(left, not Stevie)
As change of pace,
a memoir which
shows how morality
has changed in
50 short years.
She asked me if she was pregnant. I assured her that she wan't.
We had not had intercourse. She had not been naked.
by Henry Makow Ph.D.
She stayed after class to listen to my conversation with the professor. The course was Eighteenth Century English literature.
The year was 1971. I was 21, working as a reporter on the night shift at the Ottawa Journal, finishing my BA at Carleton University.
She was a kindergarten teacher in Collingwood, a resort town north of Toronto, the pretty daughter of an Anglican minister.
Her father obviously had wanted a son. Her name was "Stevie."
We left the building together and ended up at her room in residence. I don't remember if this was the first day or later. In any case, we engaged in what in those days was called "necking."
After, she asked me if she was pregnant. I assured her that she wasn't. We had not had intercourse. She had not removed her pants.
YOU'VE GOT SNAIL MAIL
After she returned to Collingwood, we kept in touch by mail. She wrote about her frustrations with parents who kept their children at home because they couldn't provide lunches, yet had money for other things.
She talked about living alone in a cottage in the woods.
Her father had told her to stop being so friendly to everyone in town. "I certainly don't intend to expend energy on precautions which may never be needed."
She mentioned a certain socialist political candidate who wanted to visit her to talk about the issues of the day. Sure.
I wrote about my frustrations with the callow night-shift editor who complained I didn't produce "copy" fast enough.
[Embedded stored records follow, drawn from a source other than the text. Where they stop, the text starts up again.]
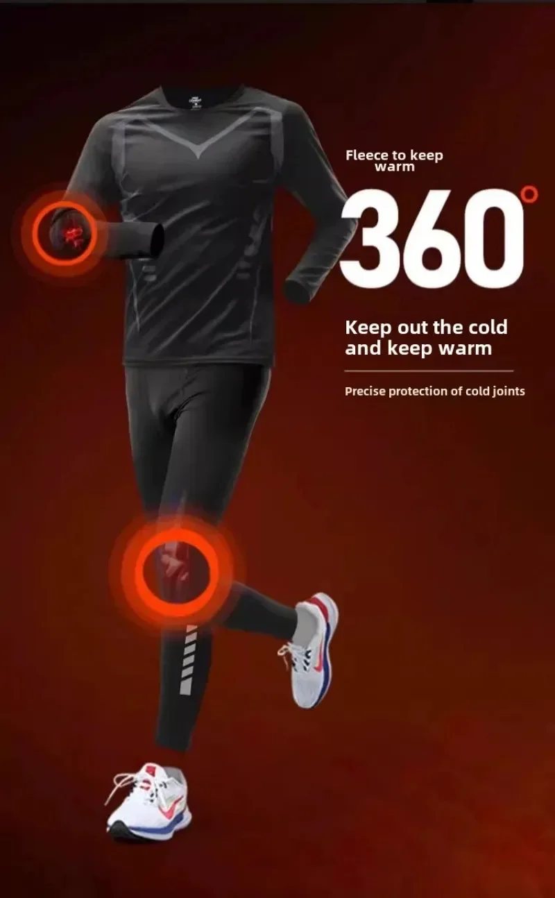 Men's Thermal Plush Base Layer Set Winter Thickened Running Trainning Quick Drying Clothes Fitness Tight Sports Men's Sweats Set
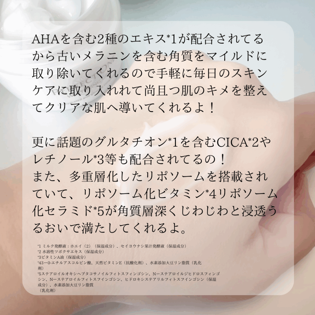 さらに、古いメラニンが含まれる角質を優しい使い心地でケアしてくれるAHAを含む2種類のエキス*2も配合されてるから毎日のスキンケアに取り入れられて手軽に古い角質ケアが出来ちゃうとのこと。
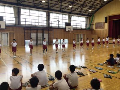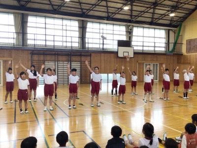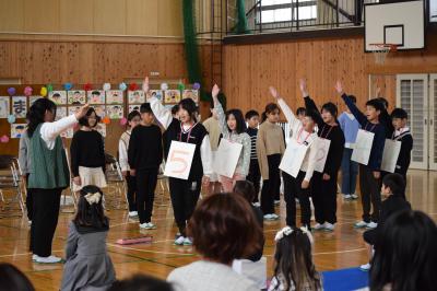 4年生の歌に合わせて,手拍子や行進を全校児童で行い,会場は盛り上がりました。
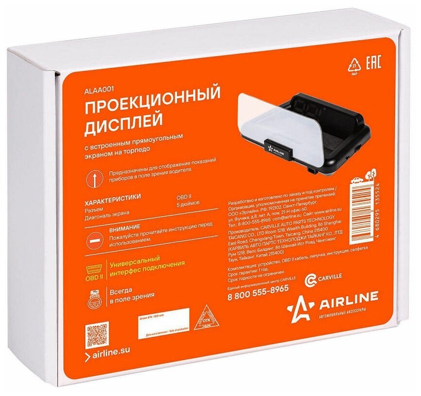 Отзывы на AIRLINE ALAA001 Дисплей проекционный HUD, спидометр с встроенным прямоугольным экраном

I told her about taking dictation on the phone from the newspaper's Editor-in-Chief. The editorial was so bold and fearless but the editor sounded like a mouse. He kept asking me if he should tone it down.
We made plans for Stevie to visit at Christmas. She especially wanted to go to a New Year's Party.
Jan 1, 1972
She had high expectations of the party, but it was a big disappointment. It was thrown by another reporter and the people there were not from a high enough social status for her. She turned out to be a snob. She made me feel like a man-of-the-people.
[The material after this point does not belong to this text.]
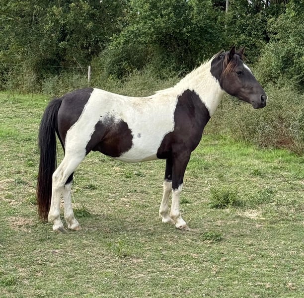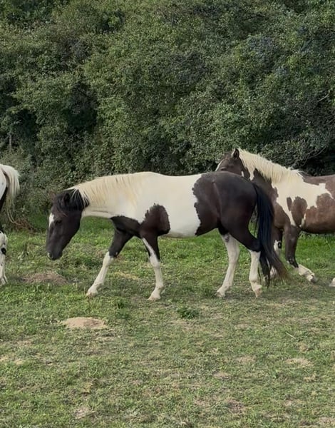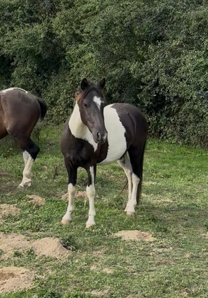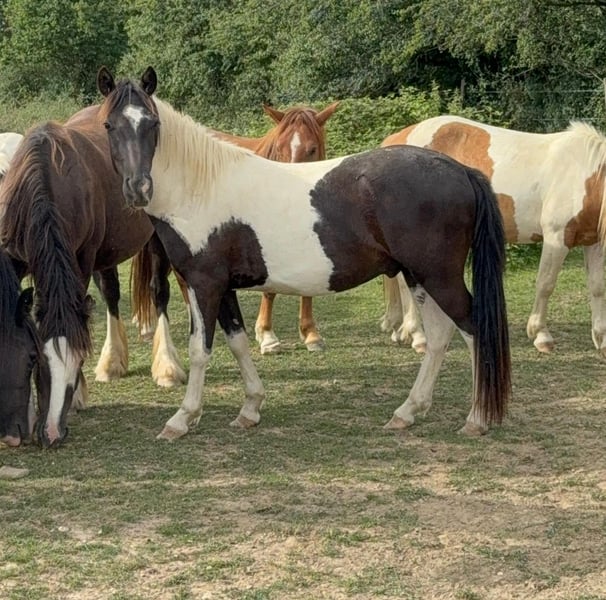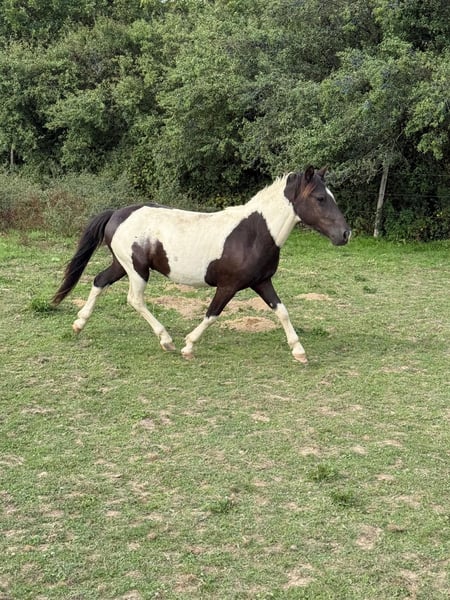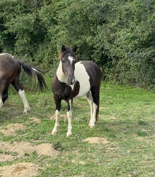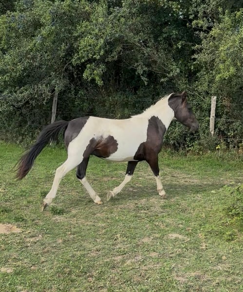For sale is a 2-year-old pinto gelding. Estimated height at maturity is approximately 137 cm. He was raised appropriately in a herd and is very people-oriented. He is well-behaved and halter-trained. His hooves have been regularly trimmed and recently done, and he has already been loaded onto a trailer several times. With proper training, he will surely make a wonderful family pony. No known illnesses or allergies. A veterinary examination (AKU) can be arranged upon request. Please feel free to call or send a message to 0157 36803742. All information is provided without guarantee; subject to price changes. Transportation can be arranged, and online purchase is possible.

As we drove home in the freezing cold, she berated me for forcing her to mix with such lowlifes. By the time we arrived, I was fed up and gave her a piece of my mind. What did she expect? I wasn't invited to any other party. What right did she have to feel so superior?
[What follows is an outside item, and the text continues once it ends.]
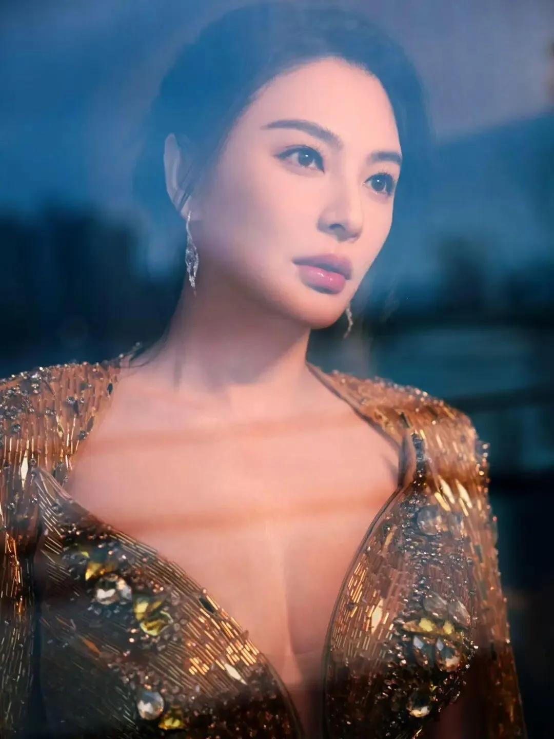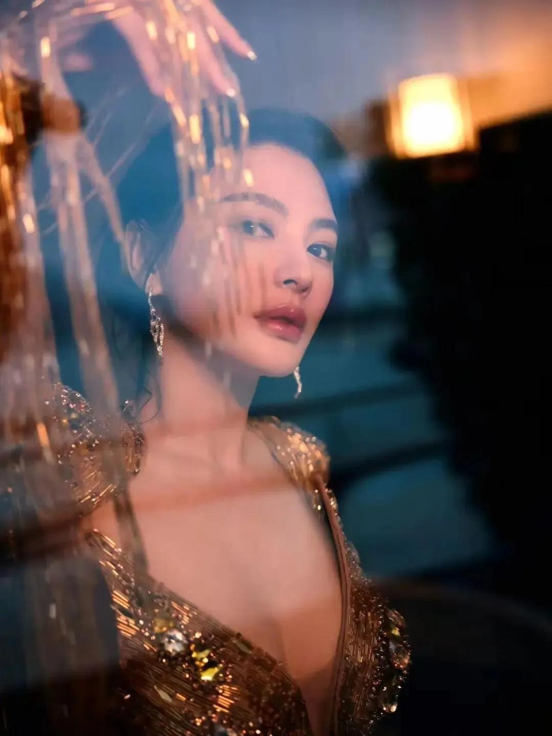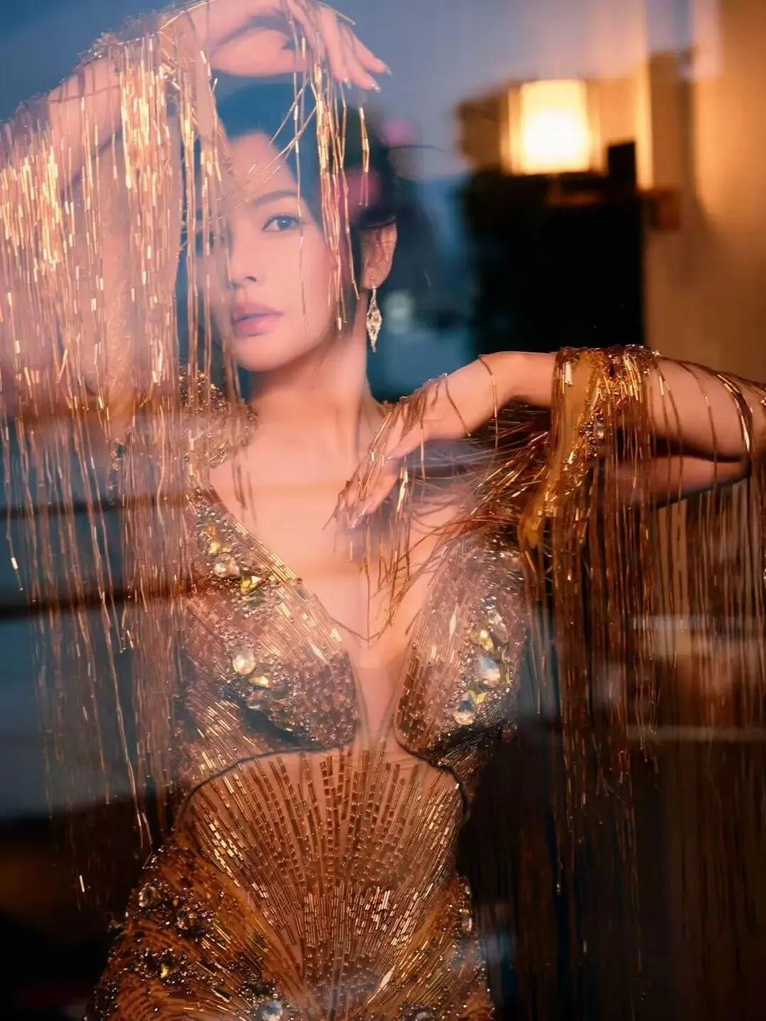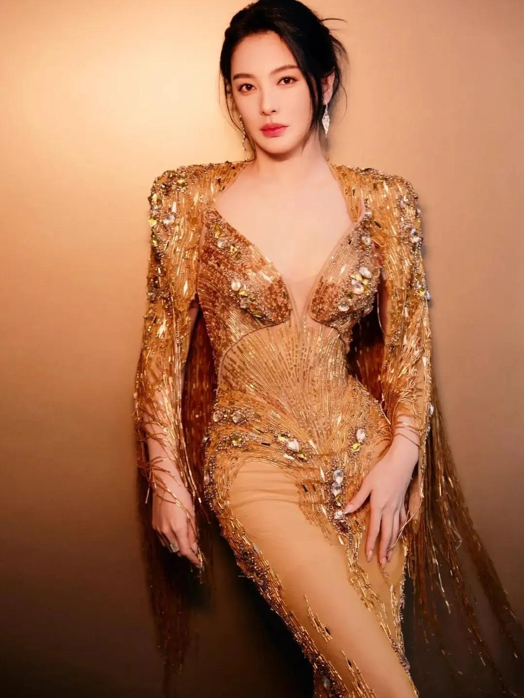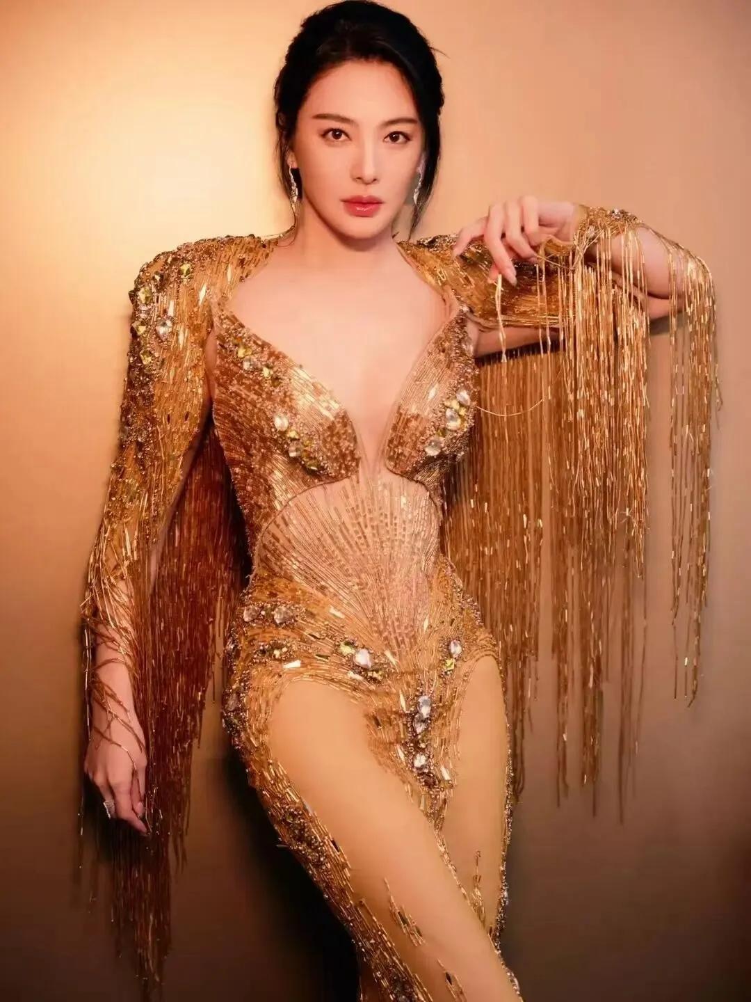 张雨绮这身黄金战衣,设计大胆又高级,保证90%的人没欣赏过。 深V领口延伸至腰线,完美展现优越肩颈线和迷人锁骨,勾勒出成熟丰腴的身材曲线。 战衣融入透视元素,腰侧、臂弯处的薄纱若隐若现,打破纯色沉闷,增添神秘感。立体剪裁贴合身体起伏,精准呈现沙漏型身材。手臂与肩部的流线型设计,修饰线条的同时,赋予造型强大气场,尽显女王威严。张雨绮

This dressing-down had a magical effect on her. She was a virgin. Up to then, she had kept me at bay. But now she wanted to placate me. She removed her top and showed me her breasts.
After a hot make-out session, I managed to wear down her resistance. She was aroused and consented to intercourse.
But something odd happened. I couldn't do it.
I was not impotent. I had had plenty of sexual experience, having already lived with a woman for a year when I was 19.
My conscience was bothering me.
In those days, a woman's virginity meant something.
I was an earnest young man; I didn't want to be her "first." I wasn't in love with her.
I wasn't ready for marriage. I didn't want to be "the one." I didn't explain.
Stevie went back to Collingwood. A few weeks later I got a letter.
"What had happened at New Years can never happen again." She ended our relationship by saying something that made my jaw drop.
"I can't have Jewish babies," she wrote.
I wasn't thinking of babies.
This was 46 years ago. Stevie is probably about 65-years-old now. Our prime is over. I hope her-half century was good. Mine feels a bit squandered due to immaturity and misinformation imbibed from society.
Thanks to my conscience, I don't have a significant place in Stevie's memories.
She has a small but bittersweet place in mine. Bittersweet because our casual encounter is frozen in time.
We'll never be young again. The past is past. Gone.